The expected result is the full listing, retyped exactly, without a single picture.

_ _ _

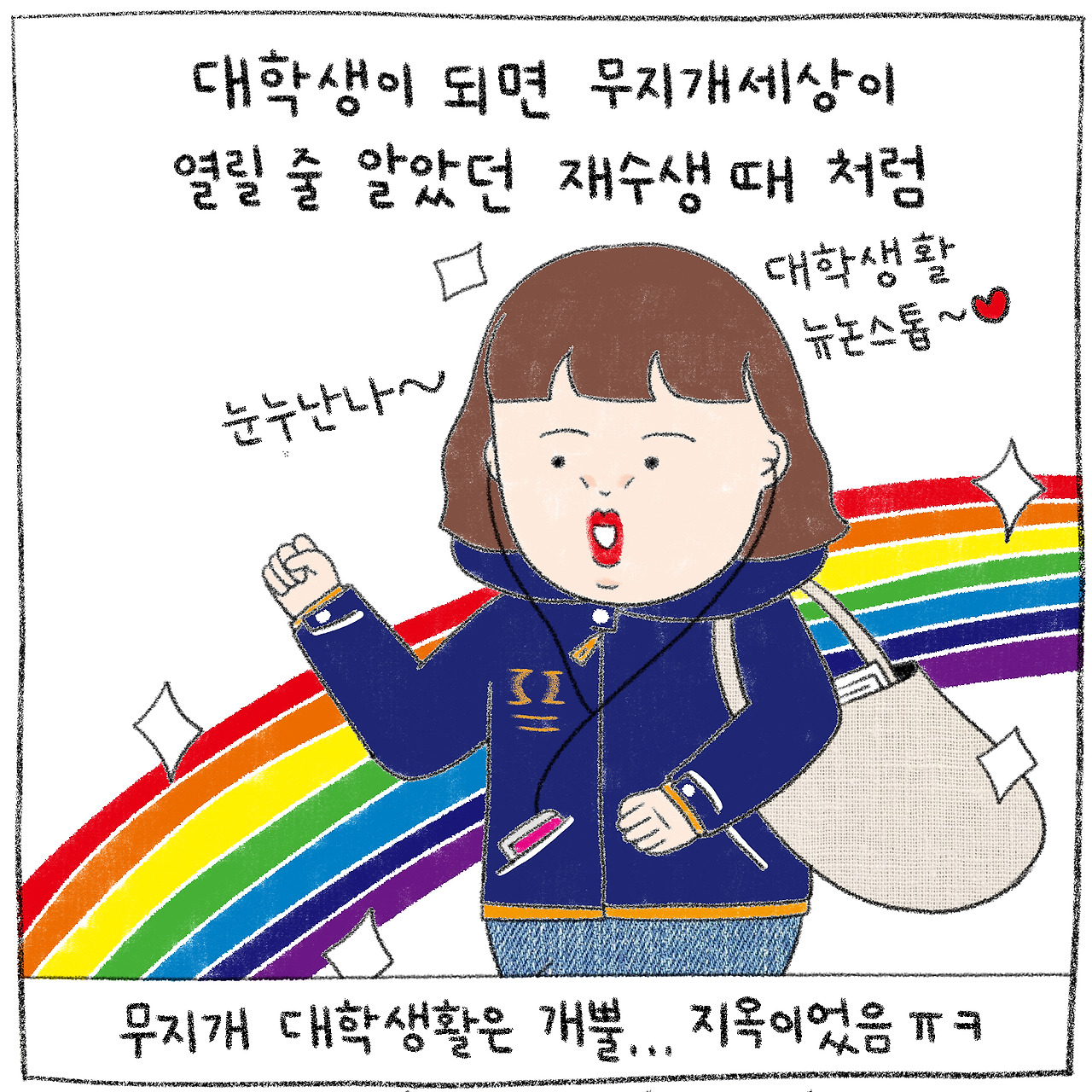 아마 대학생이 되면 자동으로 살이 빠지고 얼굴이 예뻐지며 학점은 당연히 A를 받고 '뉴논스톱'의 삶을 살게 될꺼라고 기대했던 재수생때의 마음과 비슷한 것 같다.
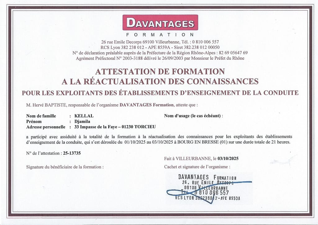 – BEPECASER (Diplôme de moniteur d’auto école) en 1981 – Installation à Saint-Rambert-en-Bugey en 1991 – Stages de réactualisation des connaissances – Audits séniors post permis avec la Prévention Routière pour la remise à niveau de la conduite des séniors – Actions de sécurité routière auprès des élèves des écoles primaires et collèges – Membre honoraire de la sécurité routière – Experte en conduite économique auprès du département
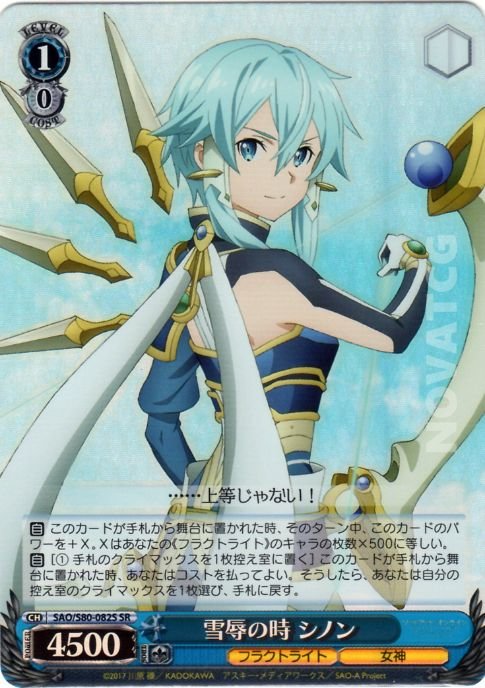 【自】 このカードが手札から舞台に置かれた時、そのターン中、このカードのパワーを+X。Xはあなたの《フラクトライト》のキャラの枚数×500に等しい。
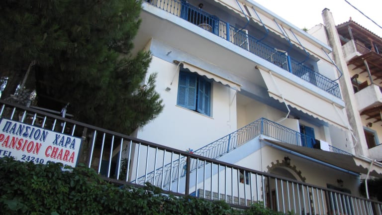 Die Pension Hara in Patitiri auf der Insel Alonnisos ist ein charmantes Hotel, umgeben von Pinien und mit einem malerischen Blick auf die Ägäis und die Altstadt. Die klimatisierten Zimmer sind einfach, aber gemütlich eingerichtet und verfügen über eine möblierte Terrasse. In der Nähe finden Sie eine Vielzahl von Restaurants und Cafés, die lokale Spezialitäten servieren. Das Hotel bietet auch einen Mietwagenservice und Informationen über die malerische Altstadt von Alonnisos.
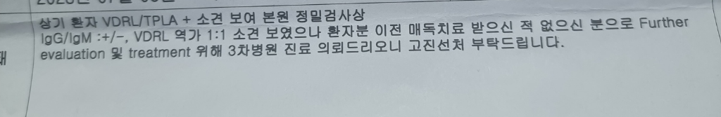 안녕하세요. 채홍석 의사입니다. 매독에 걸린 적은 있지만 최근은 아닌 잠복기감염이 의심되는 상태이며 자세한 검사를 위하여 상급병원이 권유된 상태입니다
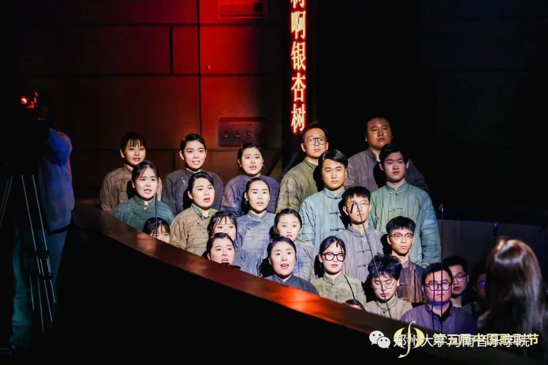 5月11日、12日,学院70余名学生参演原创民族歌剧《银杏树下》亮相第五届中国歌剧节的舞 台。 此次是郑州大学河南音乐学院与河南省歌舞演艺集团打造校外实践教育基地以来的第一次深度合作。
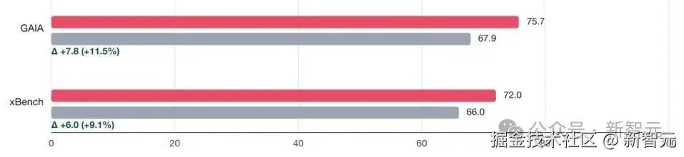 然而,在 **BrowseComp(网页浏览任务)**上,提升幅度达到了惊人的 「40%」 (从 31.4 飙升至 44.0);在 Tau² 这种复杂推理任务上,提升了 「36%」。
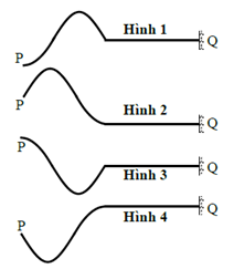 Một sợi dây PQ đàn hồi, dài, được căng ngang. Đầu Q gắn vào tường, còn đầu P gắn vào một cần rung có tần số thấp. Tại thời điểm t = 0, bắt đầu cho cần rung dao động. Khi đó, đầu P bắt đầu dao động điều hòa theo phương thẳng đứng với vận tốc đầu hướng xuống dưới. Chu kì dao động của P là T. Hình vẽ nào trong các hình bên biểu diễn hình dạng sợi dây tại thời điêm t = \(\frac{{3T}}{4}\)?
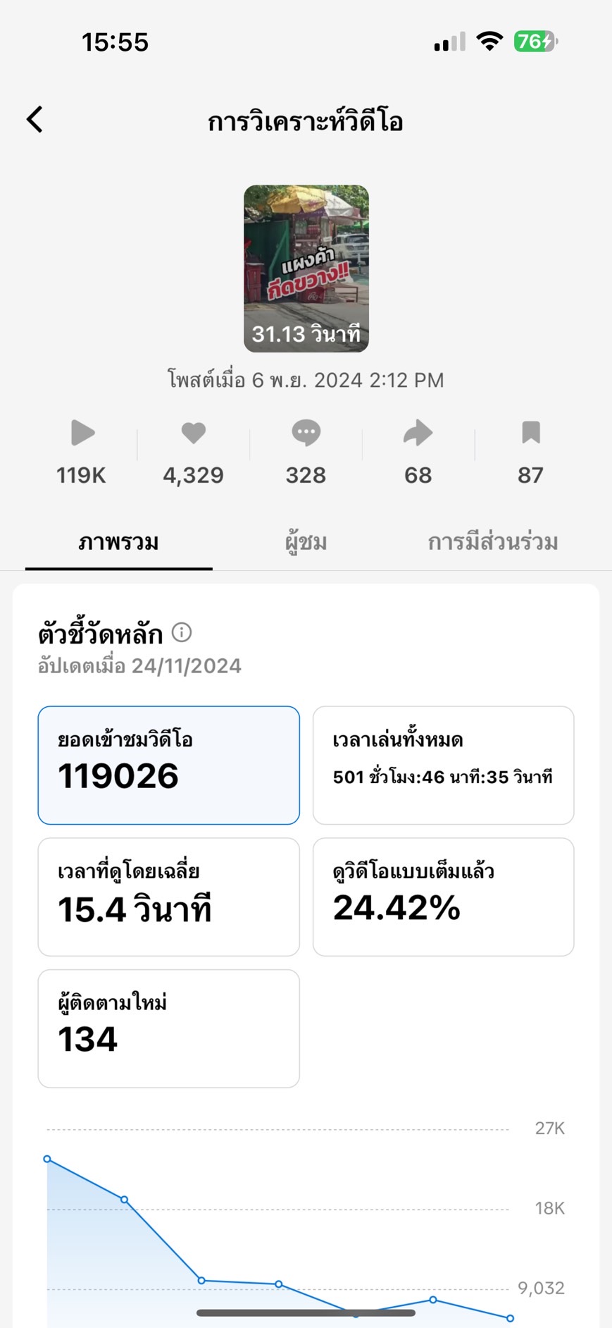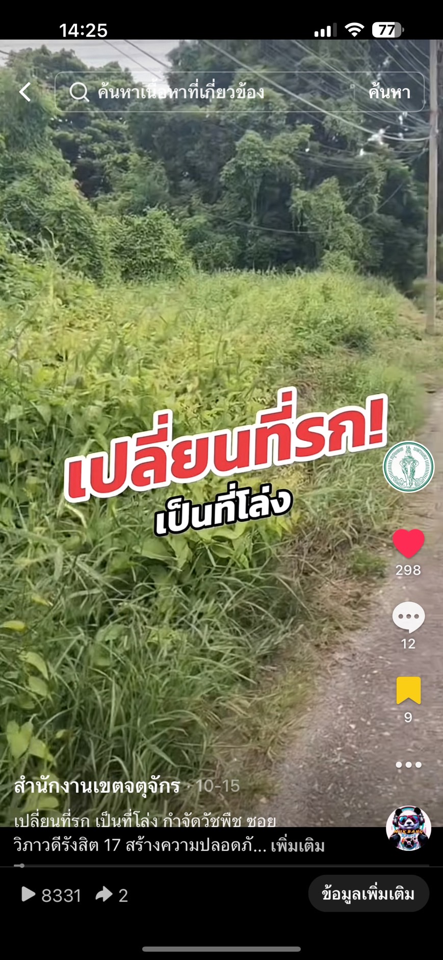 | 26-11-2024 | 1.00 |  | สำนักงานเขตจตุจักร ดำเนินการผลิตสื่อประชาสัมพันธ์ ประเภท คลิปวิดีโอสั้น “เปลี่ยนที่รก เป็นที่โล่ง” กำจัดวัชพืช ซอยวิภาวดีรังสิต 17 เผยแพร่ผ่านแพลตฟอร์ม TikTok เมื่อวันที่ 15 ตุลาคม 2567 | |
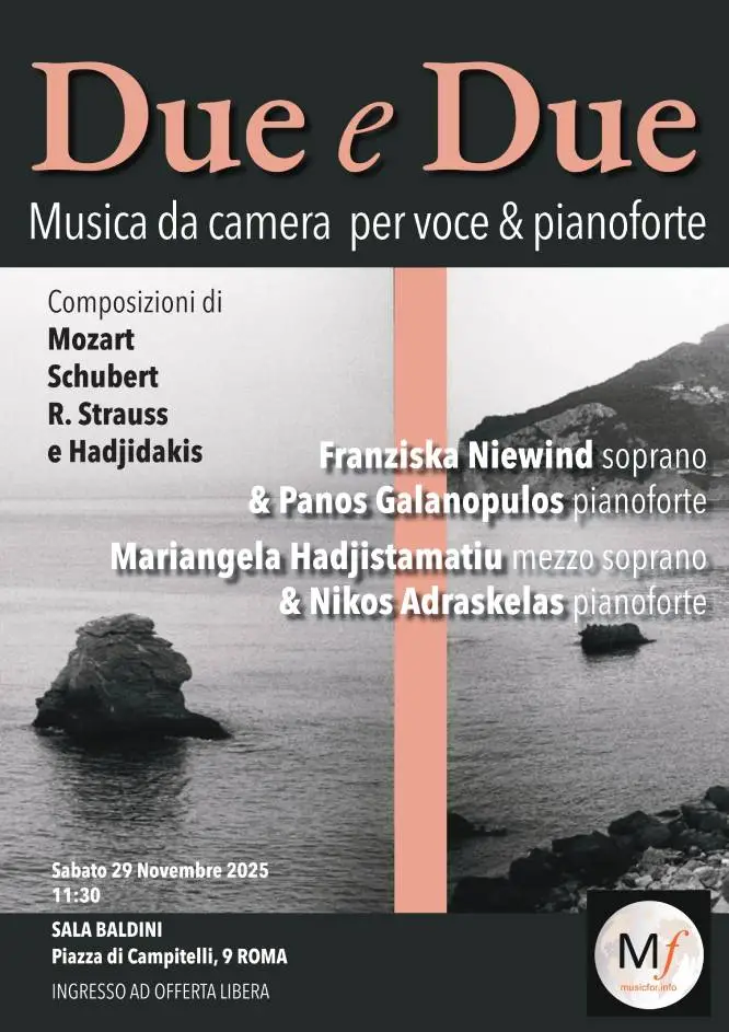Nel concerto “Due e Due”, la soprano tedesca Franziska Niewind, accompagnata al pianoforte da Panos Galanopulos, aprirà la serata con un raffinato programma dedicato al repertorio liederistico tedesco. Le loro interpretazioni di Mozart, Schubert e Richard Strauss offriranno al pubblico un viaggio sonoro tra eleganza, lirismo e profondità emotiva. Nella seconda parte, la mezzosoprano Mariangela Hadjistamatiu e il pianista Nikos Adraskelas presenteranno [...]...
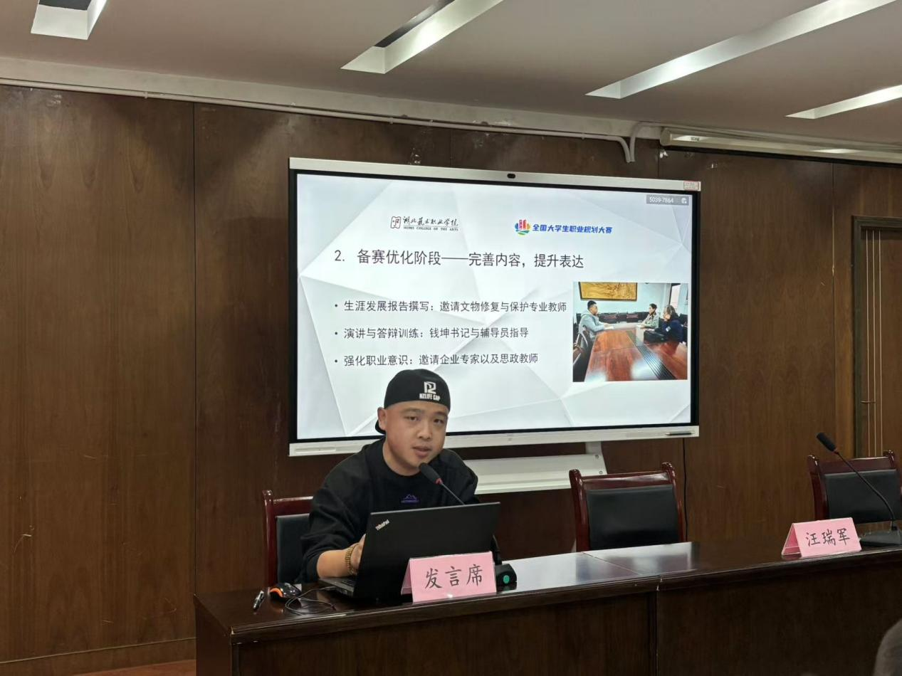 音乐学院辅导员王雁翎围绕大赛的重要性、指导教师的角色和职责、参赛材料的构成及要求、常见问题与对策等四个方面与在场师生作交流。艺术设计学院辅导员张亚卓结合学校“双高计划”建设要求,解读大赛的参赛意义,交流参赛指导过程,分享赛事工作经验。音乐学院学生彭浪从明确参赛要求到制定职业规划再到积累工作经验等多方面,用案例故事、能力展示给大家带来了精彩的讲述。艺术设计学院学生胡恒升通过赛事分析、材料分析和演讲分析,帮助大家梳理大赛基本要素,分享如何收整材料、优化提升参赛质量。
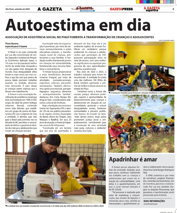 “Iniciativas como Amare são cruciais porque oferecem proteção, suporte e oportunidades de desenvolvimento para crianças e adolescentes em situação de vulnerabilidade, ajudando a reduzir desigualdades sociais, fortalecer comunidades e prevenir problemas futuros. Ao investir no bem-estar desses jovens, essas ações promovem justiça social e empoderamento, contribuindo para a construção de uma sociedade mais justa, inclusiva e resiliente”, concluiu Ana Carla.
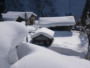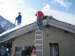 小原にある古民家の屋根の上に乗って、雪おろしもしました。
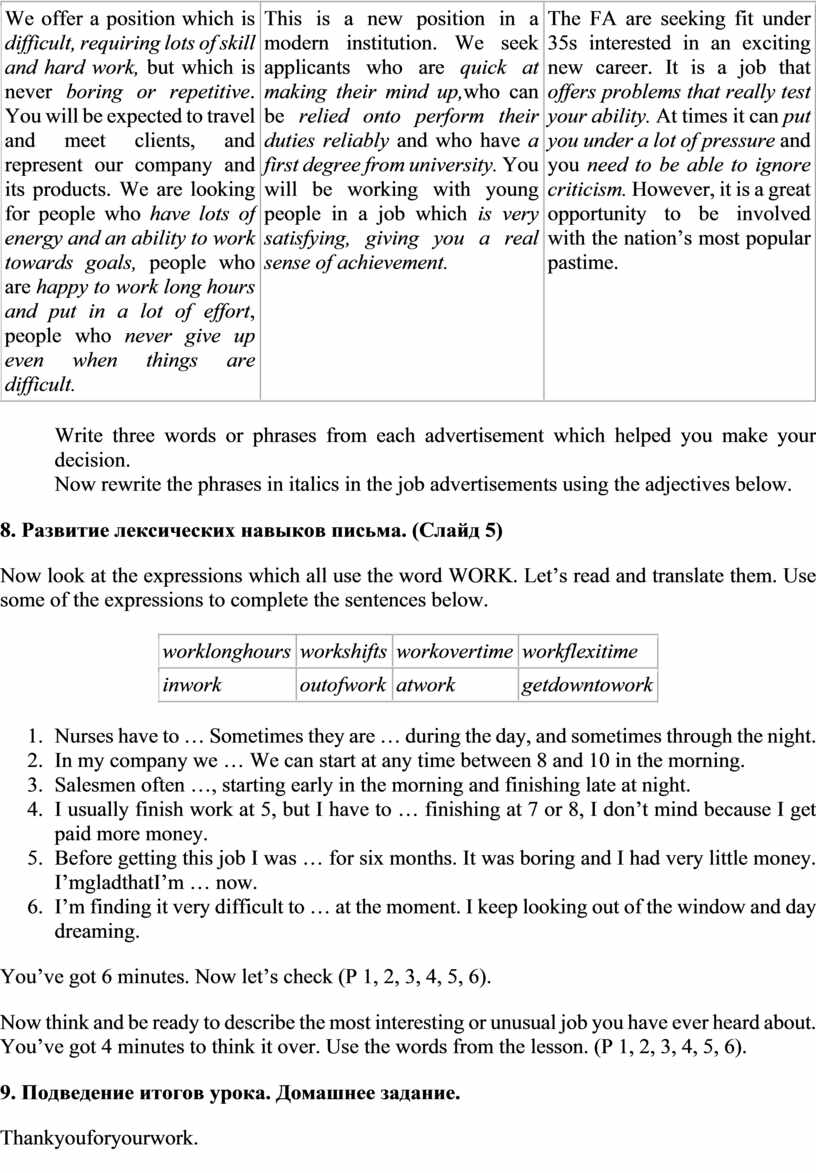 Now think and be ready to describe the most interesting or unusual job you have ever heard about. You’ve got 4 minutes to think it over. Use the words from the lesson. (P 1, 2, 3, 4, 5, 6).

_ _ _

ANSWER SECTION>
 아마 대학생이 되면 자동으로 살이 빠지고 얼굴이 예뻐지며 학점은 당연히 A를 받고 '뉴논스톱'의 삶을 살게 될꺼라고 기대했던 재수생때의 마음과 비슷한 것 같다.
 – BEPECASER (Diplôme de moniteur d’auto école) en 1981 – Installation à Saint-Rambert-en-Bugey en 1991 – Stages de réactualisation des connaissances – Audits séniors post permis avec la Prévention Routière pour la remise à niveau de la conduite des séniors – Actions de sécurité routière auprès des élèves des écoles primaires et collèges – Membre honoraire de la sécurité routière – Experte en conduite économique auprès du département
 【自】 このカードが手札から舞台に置かれた時、そのターン中、このカードのパワーを+X。Xはあなたの《フラクトライト》のキャラの枚数×500に等しい。
 Die Pension Hara in Patitiri auf der Insel Alonnisos ist ein charmantes Hotel, umgeben von Pinien und mit einem malerischen Blick auf die Ägäis und die Altstadt. Die klimatisierten Zimmer sind einfach, aber gemütlich eingerichtet und verfügen über eine möblierte Terrasse. In der Nähe finden Sie eine Vielzahl von Restaurants und Cafés, die lokale Spezialitäten servieren. Das Hotel bietet auch einen Mietwagenservice und Informationen über die malerische Altstadt von Alonnisos.
 안녕하세요. 채홍석 의사입니다. 매독에 걸린 적은 있지만 최근은 아닌 잠복기감염이 의심되는 상태이며 자세한 검사를 위하여 상급병원이 권유된 상태입니다
 5月11日、12日,学院70余名学生参演原创民族歌剧《银杏树下》亮相第五届中国歌剧节的舞 台。 此次是郑州大学河南音乐学院与河南省歌舞演艺集团打造校外实践教育基地以来的第一次深度合作。
 然而,在 **BrowseComp(网页浏览任务)**上,提升幅度达到了惊人的 「40%」 (从 31.4 飙升至 44.0);在 Tau² 这种复杂推理任务上,提升了 「36%」。
 Một sợi dây PQ đàn hồi, dài, được căng ngang. Đầu Q gắn vào tường, còn đầu P gắn vào một cần rung có tần số thấp. Tại thời điểm t = 0, bắt đầu cho cần rung dao động. Khi đó, đầu P bắt đầu dao động điều hòa theo phương thẳng đứng với vận tốc đầu hướng xuống dưới. Chu kì dao động của P là T. Hình vẽ nào trong các hình bên biểu diễn hình dạng sợi dây tại thời điêm t = \(\frac{{3T}}{4}\)?
 | 26-11-2024 | 1.00 |  | สำนักงานเขตจตุจักร ดำเนินการผลิตสื่อประชาสัมพันธ์ ประเภท คลิปวิดีโอสั้น “เปลี่ยนที่รก เป็นที่โล่ง” กำจัดวัชพืช ซอยวิภาวดีรังสิต 17 เผยแพร่ผ่านแพลตฟอร์ม TikTok เมื่อวันที่ 15 ตุลาคม 2567 | |
Nel concerto “Due e Due”, la soprano tedesca Franziska Niewind, accompagnata al pianoforte da Panos Galanopulos, aprirà la serata con un raffinato programma dedicato al repertorio liederistico tedesco. Le loro interpretazioni di Mozart, Schubert e Richard Strauss offriranno al pubblico un viaggio sonoro tra eleganza, lirismo e profondità emotiva. Nella seconda parte, la mezzosoprano Mariangela Hadjistamatiu e il pianista Nikos Adraskelas presenteranno [...]...
 音乐学院辅导员王雁翎围绕大赛的重要性、指导教师的角色和职责、参赛材料的构成及要求、常见问题与对策等四个方面与在场师生作交流。艺术设计学院辅导员张亚卓结合学校“双高计划”建设要求,解读大赛的参赛意义,交流参赛指导过程,分享赛事工作经验。音乐学院学生彭浪从明确参赛要求到制定职业规划再到积累工作经验等多方面,用案例故事、能力展示给大家带来了精彩的讲述。艺术设计学院学生胡恒升通过赛事分析、材料分析和演讲分析,帮助大家梳理大赛基本要素,分享如何收整材料、优化提升参赛质量。
 “Iniciativas como Amare são cruciais porque oferecem proteção, suporte e oportunidades de desenvolvimento para crianças e adolescentes em situação de vulnerabilidade, ajudando a reduzir desigualdades sociais, fortalecer comunidades e prevenir problemas futuros. Ao investir no bem-estar desses jovens, essas ações promovem justiça social e empoderamento, contribuindo para a construção de uma sociedade mais justa, inclusiva e resiliente”, concluiu Ana Carla.
 小原にある古民家の屋根の上に乗って、雪おろしもしました。
 Now think and be ready to describe the most interesting or unusual job you have ever heard about. You’ve got 4 minutes to think it over. Use the words from the lesson. (P 1, 2, 3, 4, 5, 6).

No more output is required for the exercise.